An anonymous reader writes "Microsoft has just released a new build for Windows Vista and it looks like Microsoft has made quite a few graphical changes. "This is possibly the only application with more anticipation surrounding it than Internet Explorer 7, if not Vista itself. We wonder if Microsoft would bundle Windows Media Player 11 with Vista exclusively or would it be available for download separately for Windows XP as well. It most certainly will end up looking a lot better (graphically) than most music players out there, iTunes included. Although it appears to look pretty straightforward, the interface has changed drastically, which makes it far more attractive than Windows Media Player 10 as well as competing applications."

12 of 390 comments (clear)

  1. But.... by silverkniveshotmail. · · Score: 5, Insightful

    How much do you need your media player to do beyond playing media?
    If i wouldn't have gotten a mac I don't know if I would have ever gone past winamp 2.x

    1. Re:But.... by bigman2003 · · Score: 4, Insightful

      I need it to burn CD's.

      I need it to sync with my portable player.

      I need it to do a good job of scanning my computer for media.

      Despite everyone's best guess...I do not need it to be a portal for purchasing anything...

      --
      No reason to lie.
    2. Re:But.... by LiquidCoooled · · Score: 5, Insightful

      Why not use a CD writing application for this?

      People like to connect the dots. "i go *here* to play my media, why can't i burn my playlists from here as well?"

      I'd rather just be able to drag & drop files I wanted to use on the player onto the player's icon under My Computer, rather than having to use a media player to manage it.

      two words: Custom playlists. Instead of having to reselect an entire range of files stored in seperate subfolders (from the original albums) I can simply transfer the playlist in one go (see above burning as well).

      Why not store all your media in a single location? That's a much simpler solution.

      Because "My Music" is not your music, and shared music is not everything on my machine, and I don't always want everything together, and because whichever p2p software by default stores it in one place, and something else stores it in another, and my mp3 player comes up in a different drive, and instead of being a jack of all trades and needing to tell people how to configure every single piece of media software on the planet (to look for media in one place) I would just like to scan my machine and find it all for me.

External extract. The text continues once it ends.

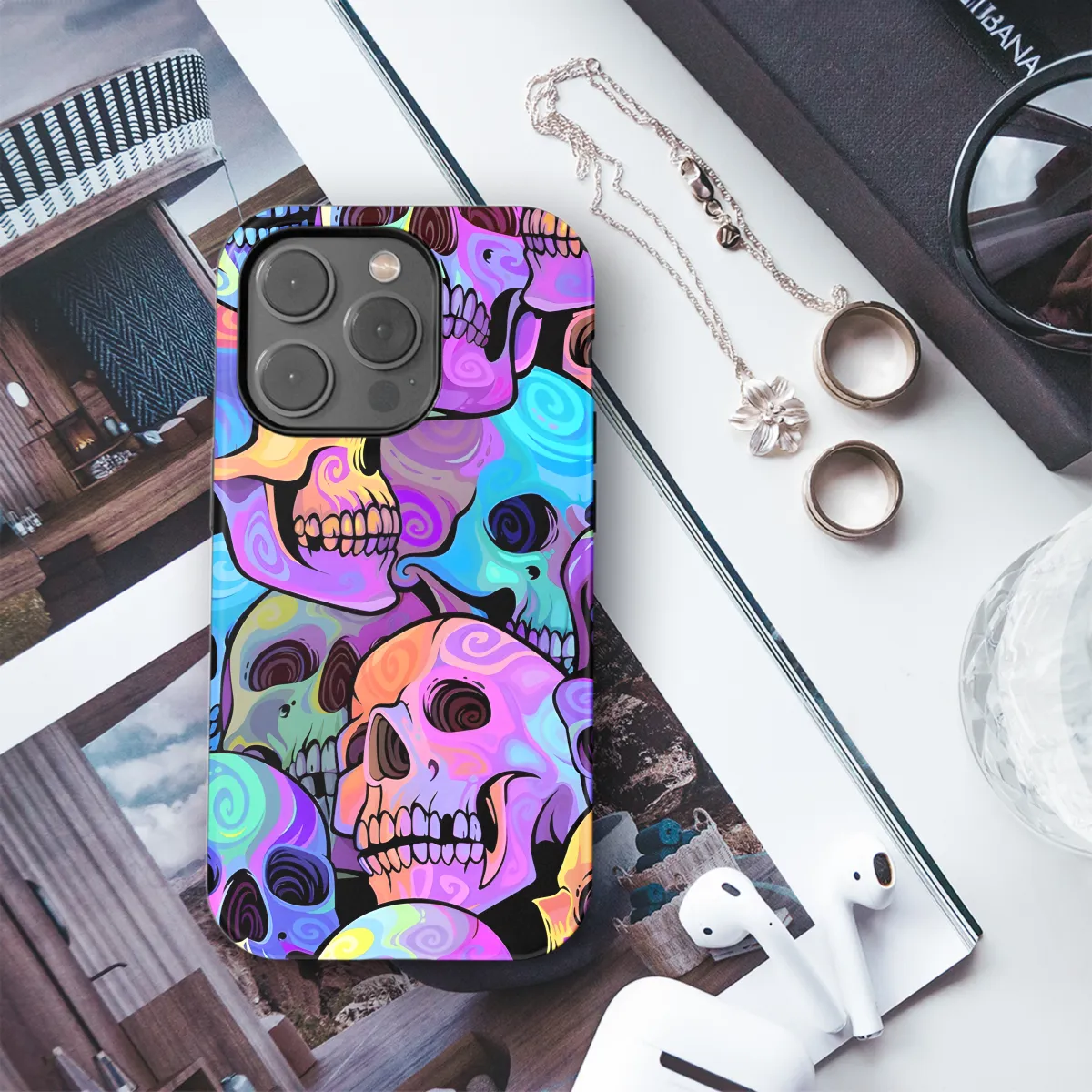 Protect your phone with a touch of vibrant individuality! Showcasing an eye-catching seamless pattern of painted skulls in a rainbow of colors, this phone case delivers both style and security.

      I understand you like operating using single individual steps, but not everyone is as savvy as yourself and just wants a simple life, your steps may be simple, and once configured it might be easy to manage, but its getting started thats the problem.

      People already have the option to do all the things you suggest, and most who do similar to yourself won't like this new media player, but for the rest of the population, the suggested features don't seem out of step at all.

      --
      liqbase :: faster than paper
    3. Re:But.... by MobyDisk · · Score: 4, Insightful
      People like to connect the dots. "i go *here* to play my media, why can't i burn my playlists from here as well?"


      That is an excellent point. It is also a perfect example of how people still don't understand the desktop. You don't go to Windows Media Player to play your media. You go to "My Music" or wherever. People still use the old DOS way of doing stuff: Run the application, then click open, then browse to the location. That's backwards. If they went to the location first, then they could do all of the things the GP post is talking about right from there (copy, rename, delete, organize, burn, play, ...) and you won't need the application to then have al lthe same features as Explorer.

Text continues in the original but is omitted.